:: DATASET ENTRIES ::
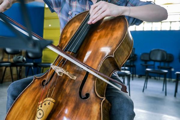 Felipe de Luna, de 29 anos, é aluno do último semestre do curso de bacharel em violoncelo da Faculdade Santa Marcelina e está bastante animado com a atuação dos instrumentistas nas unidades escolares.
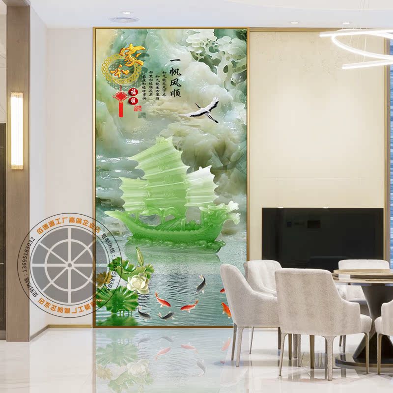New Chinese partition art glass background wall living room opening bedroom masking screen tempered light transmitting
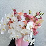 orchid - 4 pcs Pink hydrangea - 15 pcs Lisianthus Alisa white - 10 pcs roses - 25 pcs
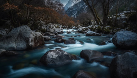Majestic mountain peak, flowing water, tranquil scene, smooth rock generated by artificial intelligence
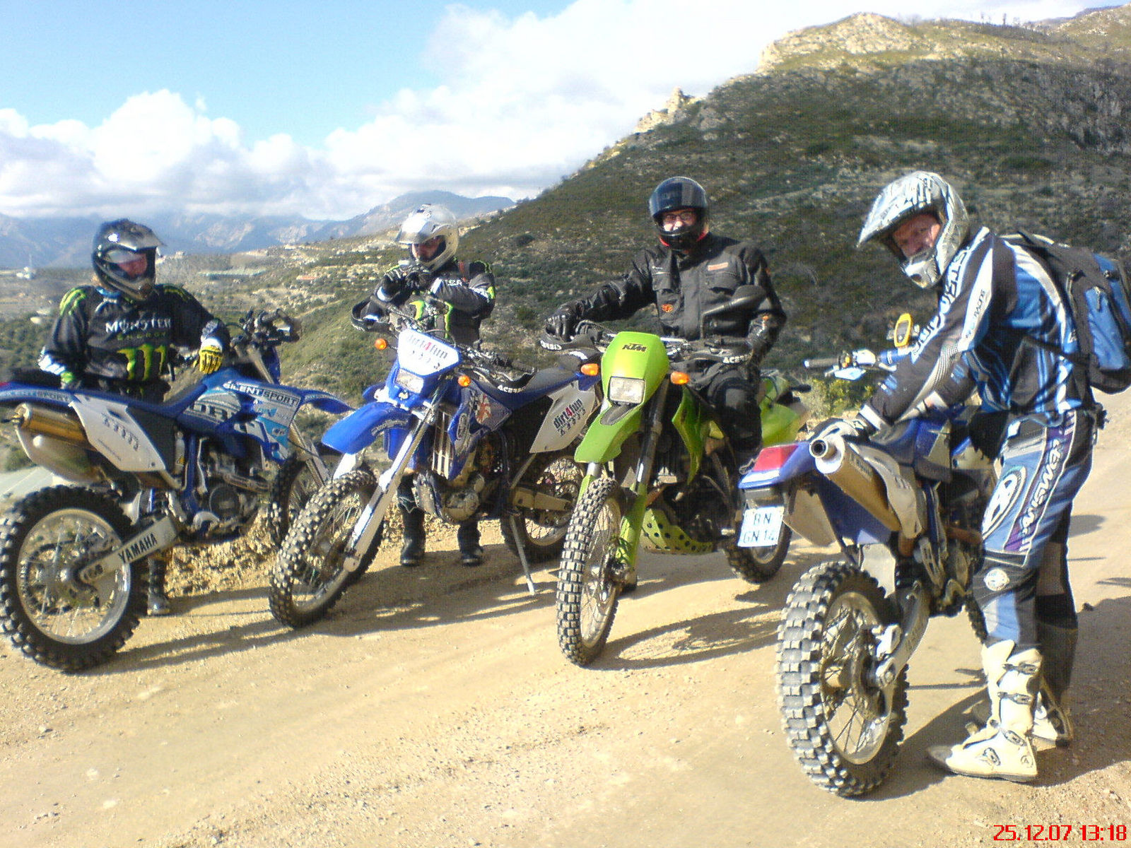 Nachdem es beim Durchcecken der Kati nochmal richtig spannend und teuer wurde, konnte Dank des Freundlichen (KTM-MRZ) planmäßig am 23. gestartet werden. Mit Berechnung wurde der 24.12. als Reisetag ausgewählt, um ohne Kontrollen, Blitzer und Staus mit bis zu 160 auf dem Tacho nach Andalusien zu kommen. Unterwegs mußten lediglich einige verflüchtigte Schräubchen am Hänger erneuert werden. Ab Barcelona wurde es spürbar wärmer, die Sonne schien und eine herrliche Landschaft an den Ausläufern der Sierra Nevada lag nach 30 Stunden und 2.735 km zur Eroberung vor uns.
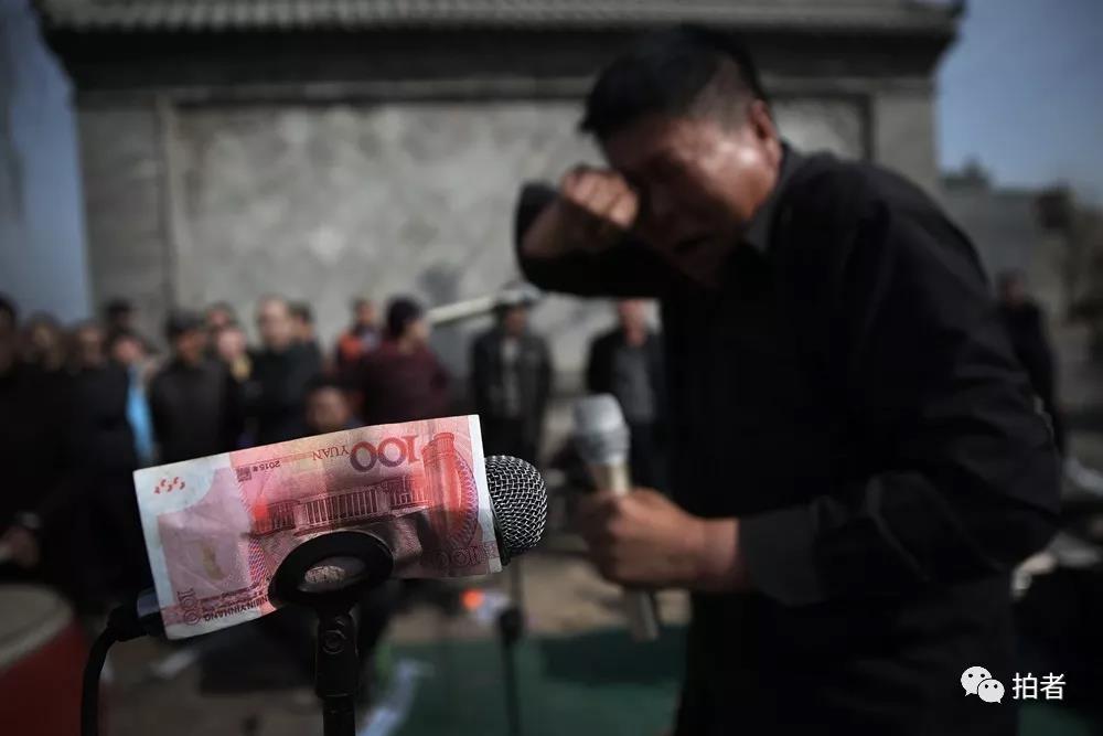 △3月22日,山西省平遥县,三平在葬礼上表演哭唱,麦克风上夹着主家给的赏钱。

:: HOW TO COMPLETE THIS TASK ::
Your answer must consist of the entries, unchanged, with no pictures in it.

:: YOUR RESPONSE ::
 Felipe de Luna, de 29 anos, é aluno do último semestre do curso de bacharel em violoncelo da Faculdade Santa Marcelina e está bastante animado com a atuação dos instrumentistas nas unidades escolares.
New Chinese partition art glass background wall living room opening bedroom masking screen tempered light transmitting
 orchid - 4 pcs Pink hydrangea - 15 pcs Lisianthus Alisa white - 10 pcs roses - 25 pcs
Majestic mountain peak, flowing water, tranquil scene, smooth rock generated by artificial intelligence
 Nachdem es beim Durchcecken der Kati nochmal richtig spannend und teuer wurde, konnte Dank des Freundlichen (KTM-MRZ) planmäßig am 23. gestartet werden. Mit Berechnung wurde der 24.12. als Reisetag ausgewählt, um ohne Kontrollen, Blitzer und Staus mit bis zu 160 auf dem Tacho nach Andalusien zu kommen. Unterwegs mußten lediglich einige verflüchtigte Schräubchen am Hänger erneuert werden. Ab Barcelona wurde es spürbar wärmer, die Sonne schien und eine herrliche Landschaft an den Ausläufern der Sierra Nevada lag nach 30 Stunden und 2.735 km zur Eroberung vor uns.
 △3月22日,山西省平遥县,三平在葬礼上表演哭唱,麦克风上夹着主家给的赏钱。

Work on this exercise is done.